Re: Configuring BLCKSZ and XLOGSEGSZ (in 8.3)

From
Tom Lane
Date:
"Simon Riggs" <simon@2ndquadrant.com> writes:
> On Mon, 2006-11-27 at 22:08 +0100, Peter Eisentraut wrote:
>> He increased the WAL segment size from 16 MB to 256 MB.  Without any 
>> further information about the system configuration, that seems to be 
>> mostly equivalent to increasing the number of checkpoint segments.

> On a busy system you can switch WAL segments every few seconds at 16MB.
> Fsync can freeze commits for more than a second, so raising the segment
> size reduces the fsync overhead considerably.

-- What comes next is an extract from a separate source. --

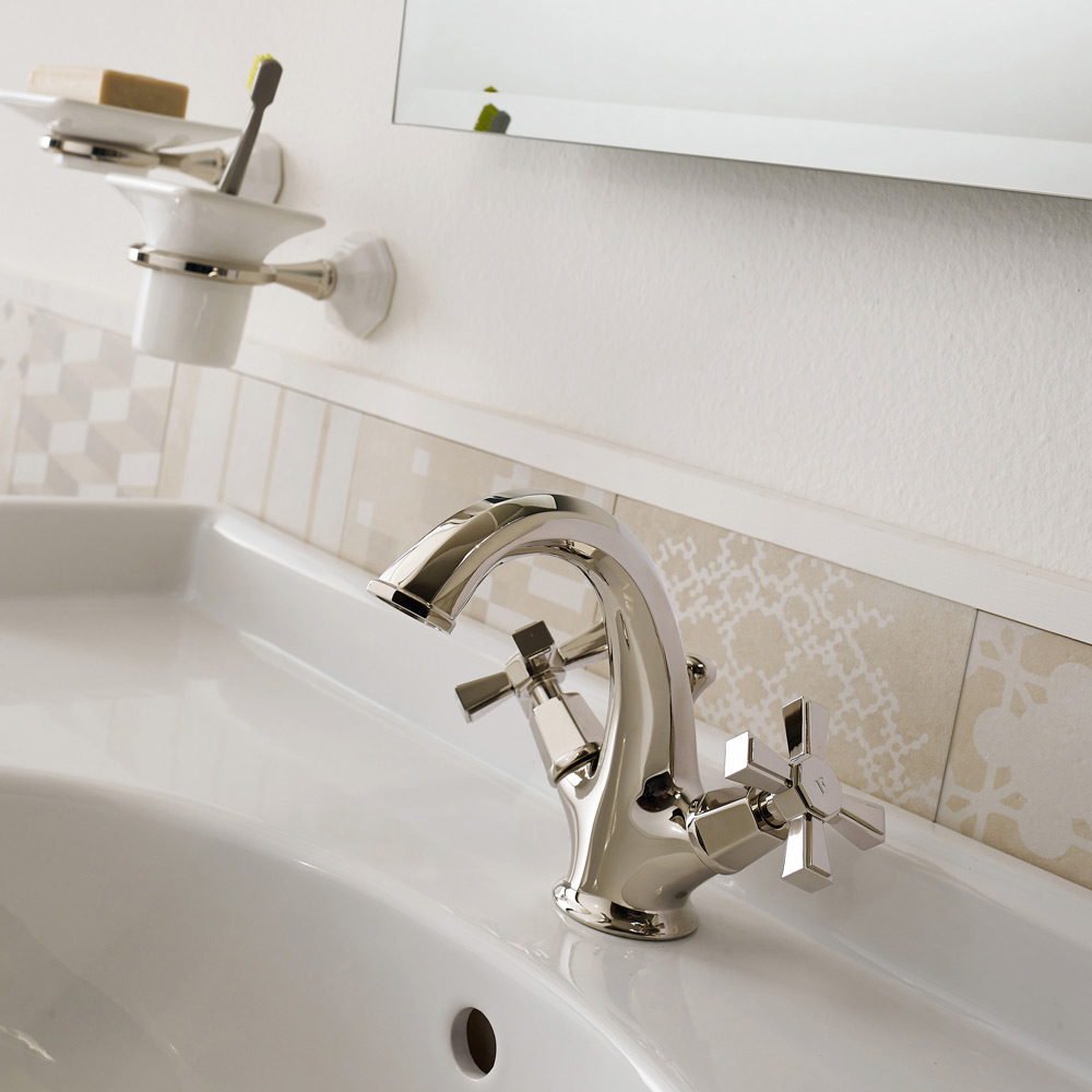 La colección Silvana è se caracteriza por sus formas hexagonales y superficies cuyas facetas reflejan la luz de forma original, iluminando el ambiente circundante. El estilo se inspira claramente en el arte Déco. Esta línea de grifería de baño de lujoè ha diseñado para ser combinada con bañeras, lavabos, duchas y bidés de diseño vintage y refinado.

Sorry, but that's just handwaving.  The amount of data to be written for
any specific commit isn't going to change in the least if you change
XLOGSEGSZ --- it's still going to be whatever has been written since the
last commit.  I agree with Peter that the quoted Sun test appears to have
failed to control the frequency of checkpoints, and that that was what
really accounted for the performance change.  So he'd have gotten the
same result from increasing checkpoint_segments without bothering with
a change in XLOGSEGSZ.

I do note that XLogWrite() does this in the foreground path of control:
            * If we just wrote the whole last page of a logfile segment,            * fsync the segment immediately.
Thisavoids having to go back            * and re-open prior segments when an fsync request comes along            *
later.Doing it here ensures that one and only one backend will            * perform this fsync.
 

This coding predates the existence of the bgwriter; now that we have
that, it'd perhaps be interesting to try to put the burden on the
bgwriter instead.  (However, if a backend is trying to fsync a commit
record just after the segment switch, it'd have to wait for the previous
segment to be fsync'd anyway.  The complexity and likely performance
costs of arranging for that synchronization might outweigh any gains.)
In any case, the existence of this code isn't an argument for raising
XLOGSEGSZ, more the reverse --- the bigger the segment the more painful
the fsync is likely to be.

[ studies code a bit more... ]  I'm also wondering whether the forced
pg_control update at each xlog seg switch is worth its keep.  Offhand it
seems like the checkpoint pointer is enough; why are we maintaining
logId/logSeg in pg_control?
        regards, tom lane


Re: Configuring BLCKSZ and XLOGSEGSZ (in 8.3)

From
"Simon Riggs"
Date:
On Mon, 2006-11-27 at 18:26 -0500, Tom Lane wrote:

> Sorry, but that's just handwaving. 

Thats fine. I was responding to private comments that I was trying to
test things that had not been subject to community design. My response
was that the community would react badly if conjectures are discussed
without presenting firm performance evidence. Chicken and egg...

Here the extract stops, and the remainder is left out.